Michael Brown’s mother, Lezley McSpadden, recently announced her candidacy for Ferguson City Council. Her announcement came on the heels of St. Louis County voters, a majority of whom are white, overwhelmingly choosing Wesley Bell, a former public defender and criminal justice reform activist, to oust a 28-year incumbent for St. Louis County prosecutor.

Bell approaches his new position with the recognition that new conversations are taking place around the region, conversations about power and privilege, but there will be much work to do once he takes office to take those conversations and turn them into real change. (After winning the primary election against the incumbent, he is unopposed in this fall’s general election.)

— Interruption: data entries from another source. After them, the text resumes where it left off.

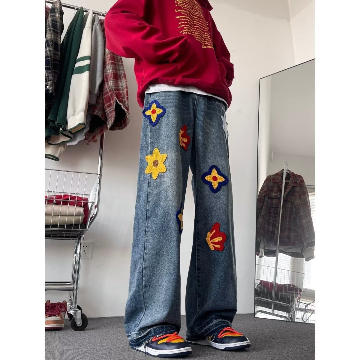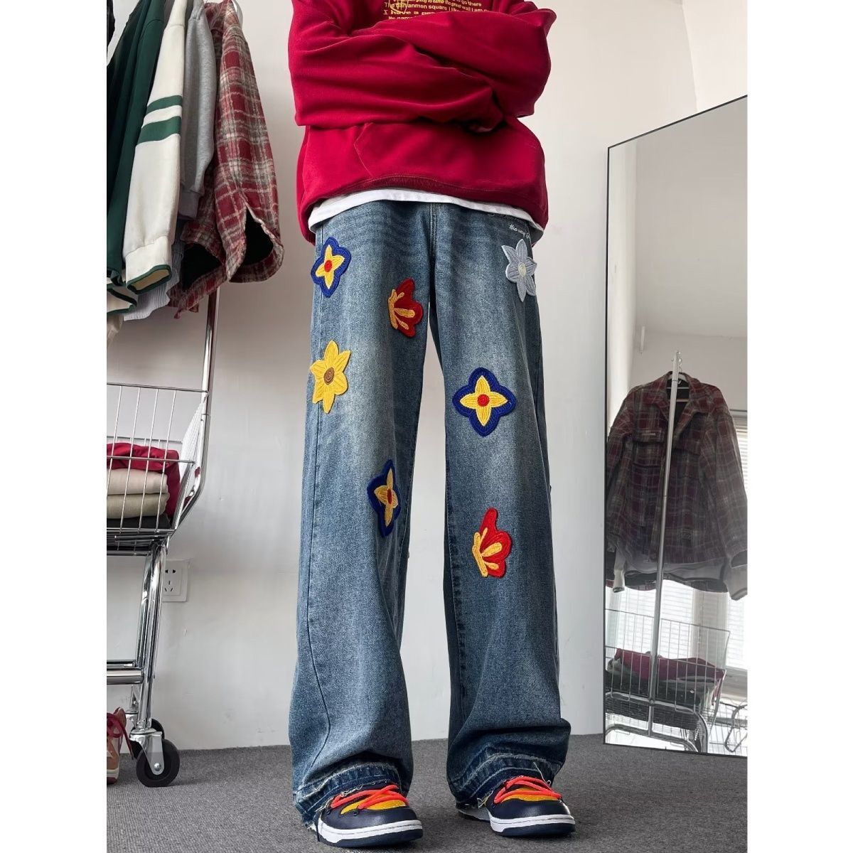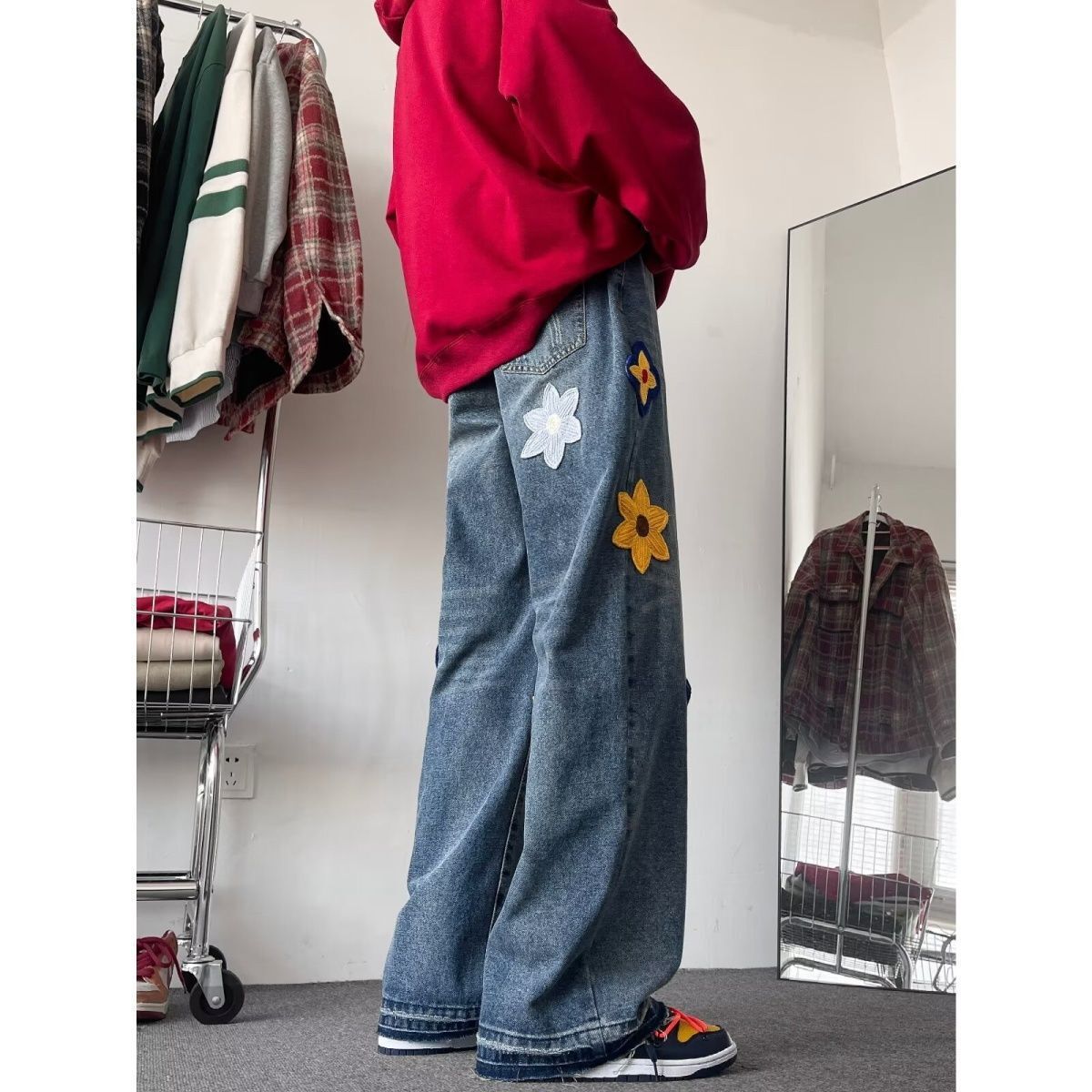봄과 가을 새로운 세탁 청바지 남성과 여성 Ins 트렌디 브랜드 하이 스트리트 힙합 루즈 스트레이트 캐주얼 바지스토어 가기
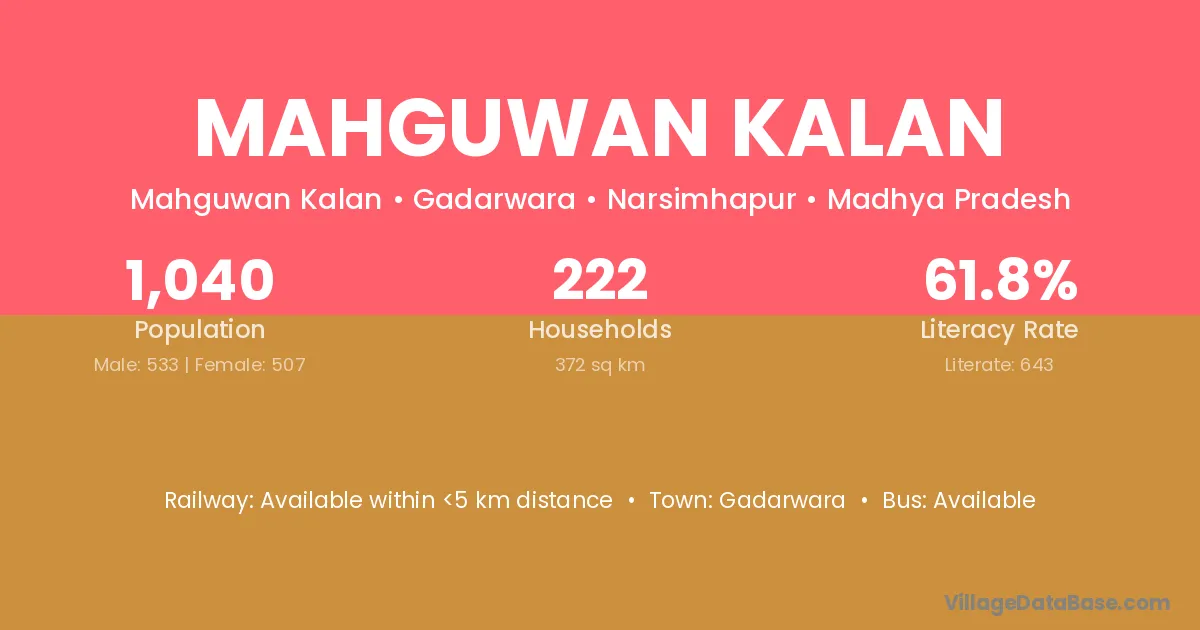 Mahguwan Kalan village has a total population of 1,040 people, of which 533 are males and 507 are females.
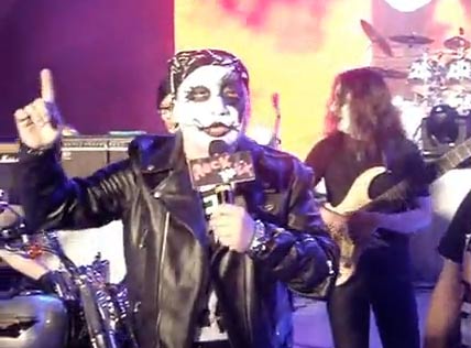 2010搖滾臺(tái)中樂團(tuán)節(jié)明天在臺(tái)中圓滿劇場登場,臺(tái)中市長胡志強(qiáng)(左二)特地扮成重金屬搖滾歌手現(xiàn)身記者會(huì)場,為活動(dòng)暖身
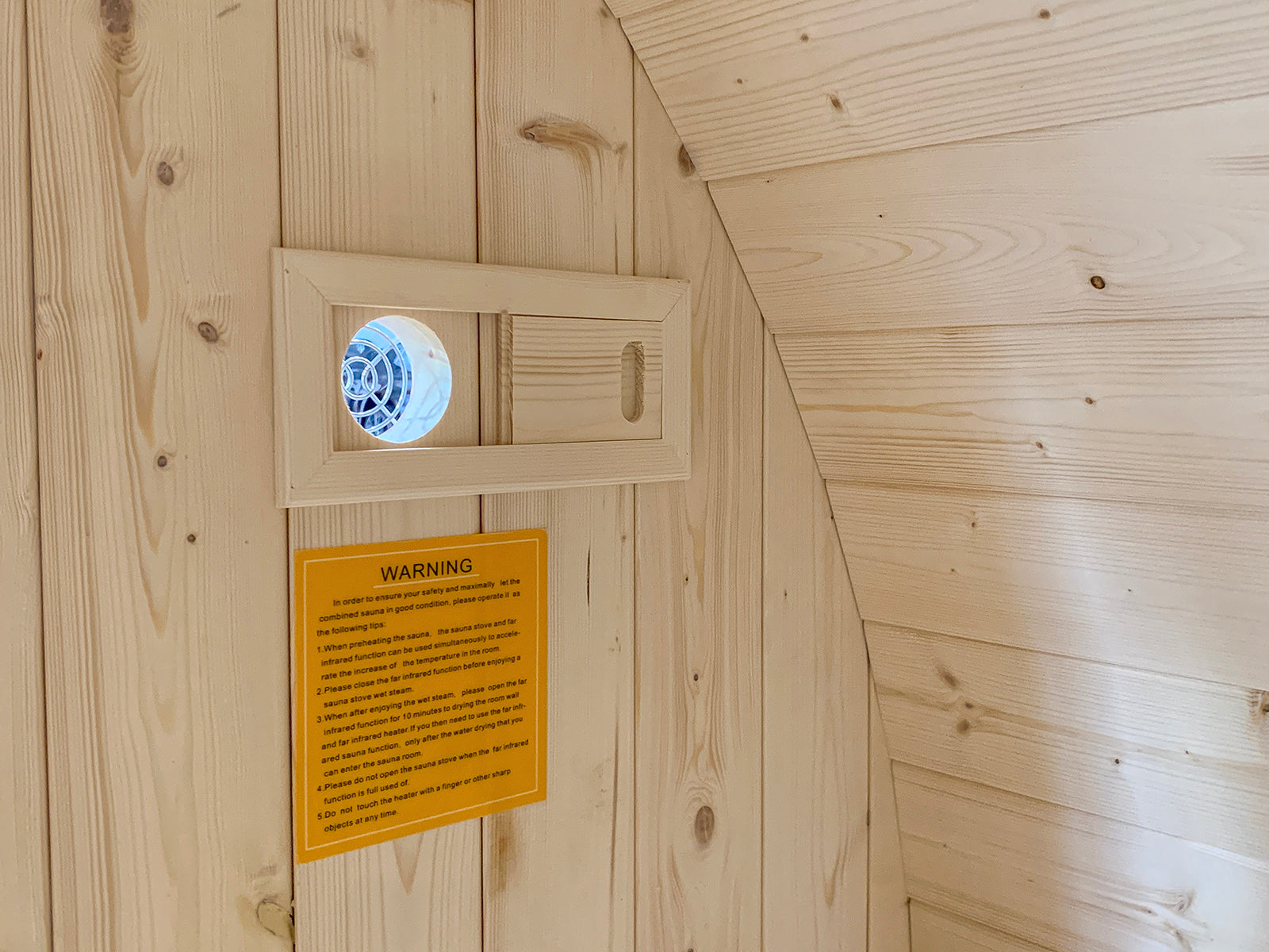 Crafted in the traditional sauna material of spruce, it brings you the soft touch of spruce wood and its light color is in harmony with nature. The spacious interior is good for 4 people comfortably. Our barrel sauna is powered by a Finnish-made 4.5Kw Harvia Vega electric sauna heater with 20KGS stone.

“We need those constructive conversations. We need to have those uncomfortable conversations. That’s the only way we can push the ball forward. Three years ago, no one knew what privilege was,” Bell says.

A new report provides a sense of just exactly how far the ball still has to go. The report details progress, or the lack thereof, on the calls to action from the Ferguson Commission, an independent group convened after Michael Brown’s death in 2014 by Missouri Governor Jay Nixon to conduct a “thorough, wide-ranging and unflinching study of the social and economic conditions that impede progress, equality and safety in the St. Louis region.”

Out of 47 “priority calls to action” from the Ferguson Commission, only five have seen significant progress, according to the report. The calls to action are grouped into four main thematic areas: “Justice for All,” “Youth at the Center,” “Opportunity to Thrive,” and “Racial Equity.” Of those, the “Justice for All” area, which focuses on addressing the roots of disparity in the criminal justice system, saw the least movement.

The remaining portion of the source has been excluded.